An arima(time, by, p, d, q) term in a formula declares a
latent residual series that is added to the relevant linear predictor at
every observation. Writing the linear predictor of a module as \(\eta_i\) for observation \(i\) at time \(t_i\) and group \(g_i\):
\[\eta_i = X_i \beta + Z_i b + \epsilon_{t_i, g_i},\]
where \(X_i \beta\) are the fixed
effects, \(Z_i b\) the random effects
(including any rw() contributions, which are handled
through the design matrix), and \(\epsilon_{t_i, g_i}\) is the value of the
ARIMA latent series for time \(t_i\)
and group \(g_i\). The residual evolves
over the time axis declared in arima(...); each observation
just looks up the value at its own (time, group) index.
This is the same construction brms uses for
cor_arma-style residual correlation on non-Gaussian
likelihoods: a latent Gaussian residual added to the linear predictor,
with ARMA structure imposed on its prior.
Add a term to any module’s formula with arima() or one
of its aliases, which all build the same backend term:
rw(time) — random walk, equal to
arima(time, p = 0, d = 1, q = 0).ar(time, p) — stationary autoregression, equal to
arima(time, p, d = 0, q = 0).ma(time, q) and arma(time, p, q) —
moving-average and ARMA aliases.arima(time, by, p, d, q) — the general form.time is the column the series evolves over, and the
optional by gives each group its own shocks under shared
dynamics.

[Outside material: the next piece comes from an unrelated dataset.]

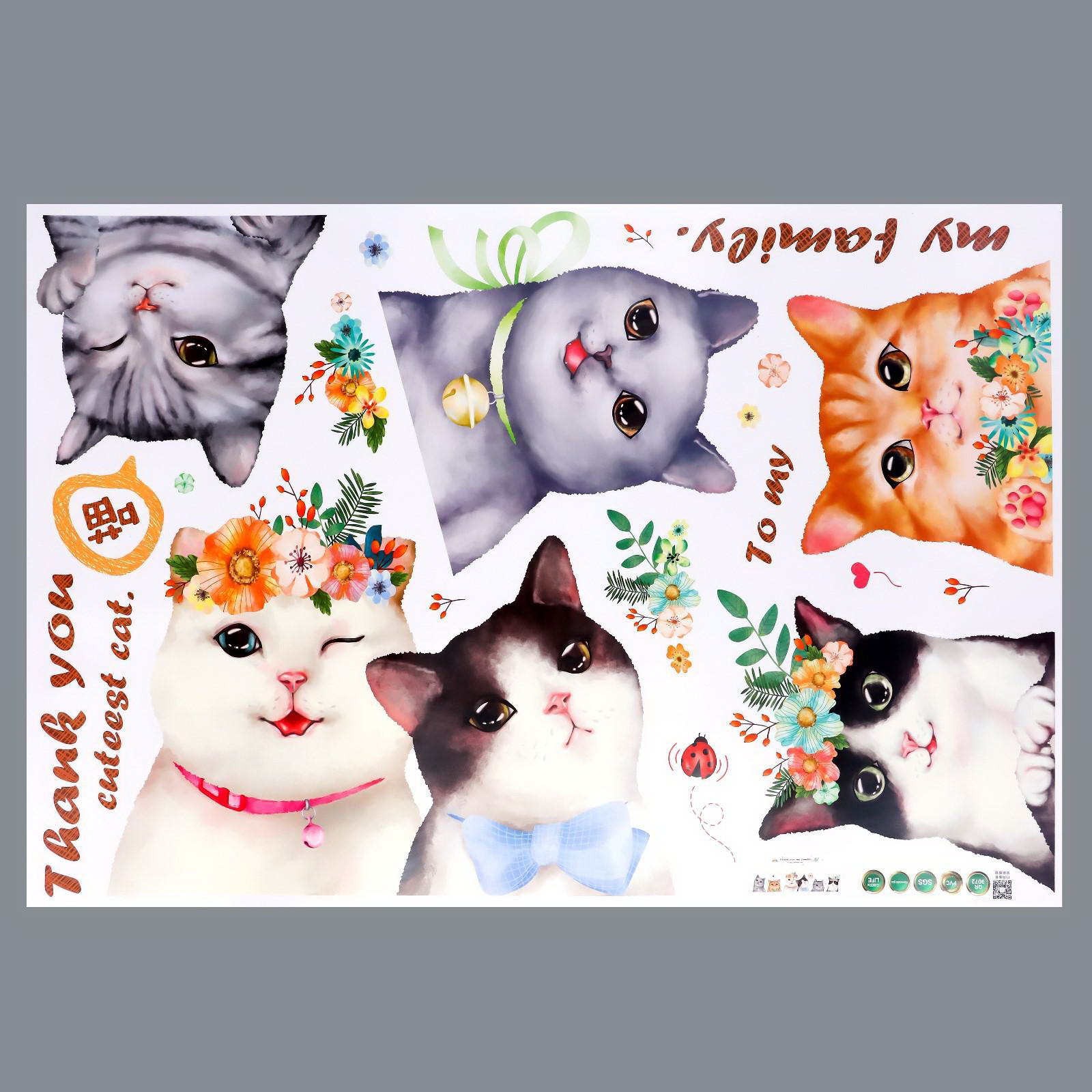 Наклейка интерьерная цветная "Кошечки с цветами", 60x90 см, 90x60 см., Китай

The latent processes
vignette works through these on the growth rate and compares them to
rw() and lme4-style random effects; the Priors section below covers tuning their
regularisation.
Let \(T\) be the number of time points in the series and \(G\) the number of groups. The ARIMA latent is built from a \(T \times G\) matrix of unit-normal shocks \(z\) via
\[\epsilon = \sigma \, K(\phi, \theta, d) \, z,\]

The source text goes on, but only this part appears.